Хронология Драйдена верна: «эти последние сто лет» переносят нас практически точно к вспышке сверхновой в 1572 г. Показателен и его лексикон: он использует термин «виртуозы» для обозначения ученых и «наука» – для науки[59]. Он видит, что новая наука опирается на новые стандарты доказательств. Он признает возможность релятивизма (сколько существует новых разновидностей природы?) и в то же время настаивает, что новая наука является не просто чем-то вроде местной моды, а необратимой трансформацией наших знаний о природе{95}.

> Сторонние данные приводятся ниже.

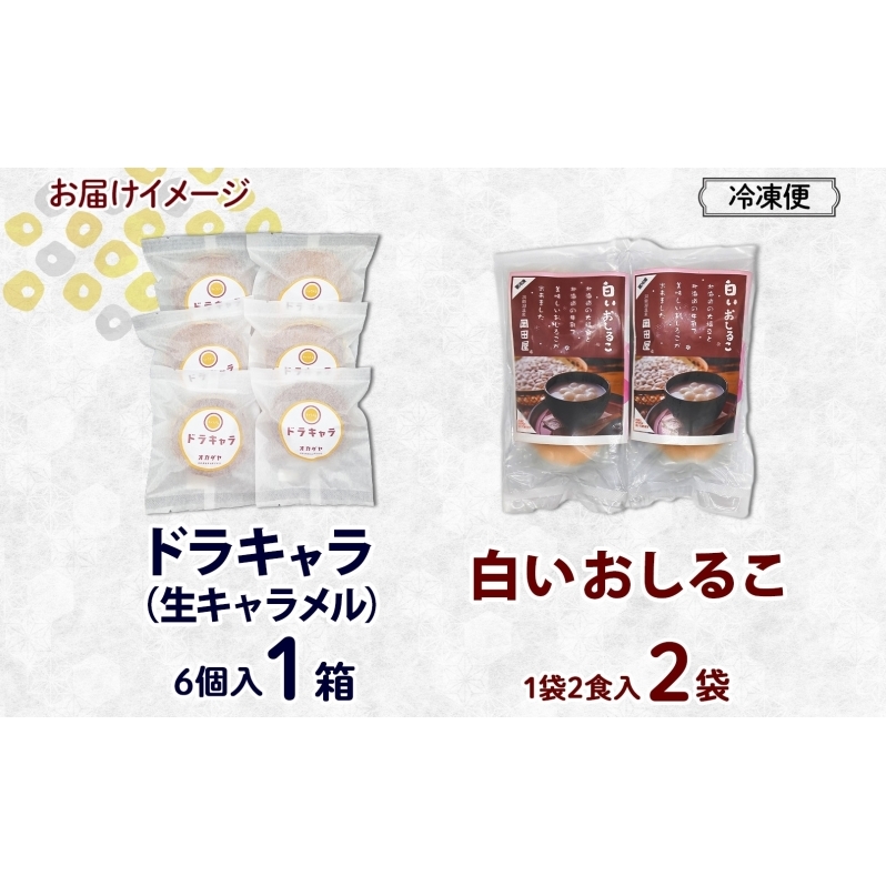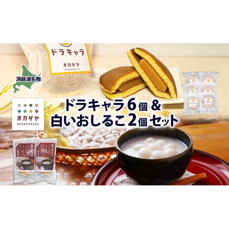 北海道 白いおしるこ 2個 ドラキャラ 6個 セット おしるこ お汁粉 どら焼き 生キャラメル キャラメル 大福豆 スイーツ 和菓子 甘味 ご当地 老舗 洞爺湖温泉 岡田屋 お取り寄せ プレゼント 送料無料 洞爺湖

§ 5Можно привести еще много свидетельств обоснованности идеи научной революции, но многих ученых все равно убедить не удастся. Тревога, которая охватывает историков, когда они видят слова «научный», «революция», «современный» и (хуже всего)«прогресс» в работах, посвященных естественным наукам XVII в., вызвана не только страхом анахронизмов; это симптом более широкого интеллектуального кризиса, который проявляется в отказе от главных нарративов любого рода[60]. Считается, что проблема с главными нарративами состоит в том, что они отдают предпочтение какому-то одному взгляду; альтернативой является релятивизм, утверждающий, что все точки зрения одинаково весомы.
Самые убедительные аргументы в пользу релятивизма дает философия Людвига Витгенштейна (1889–1951)[61]. Витгенштейн преподавал в Кембридже с 1929 по 1947 г. – он ушел за год до лекций Баттерфилда о научной революции, – но Баттерфилду не приходило в голову, что ему нужно проконсультироваться у Витгенштейна или любого другого философа, чтобы научиться размышлениям о науке. И только в конце 1950-х гг., после публикации в 1953 г. «Философских исследований» (Philosophische Untersuchungen), аргументы, позаимствованные у Витгенштейна, начали трансформировать историю и философию науки; их влияние можно увидеть, например, в «Структуре научных революций» Томаса Куна{96}. После этого распространилось утверждение, что Витгенштейн показал полную культурную относительность рациональности: наша наука может отличаться от науки древних римлян, но у нас нет оснований заявлять, что она лучше, поскольку их мир был совсем не похож на наш. Истина – согласно витгенштейновской доктрине{97} – есть то, что мы решили сделать истиной; она требует общественного консенсуса между тем, что мы говорим, и тем, каков мир{98}.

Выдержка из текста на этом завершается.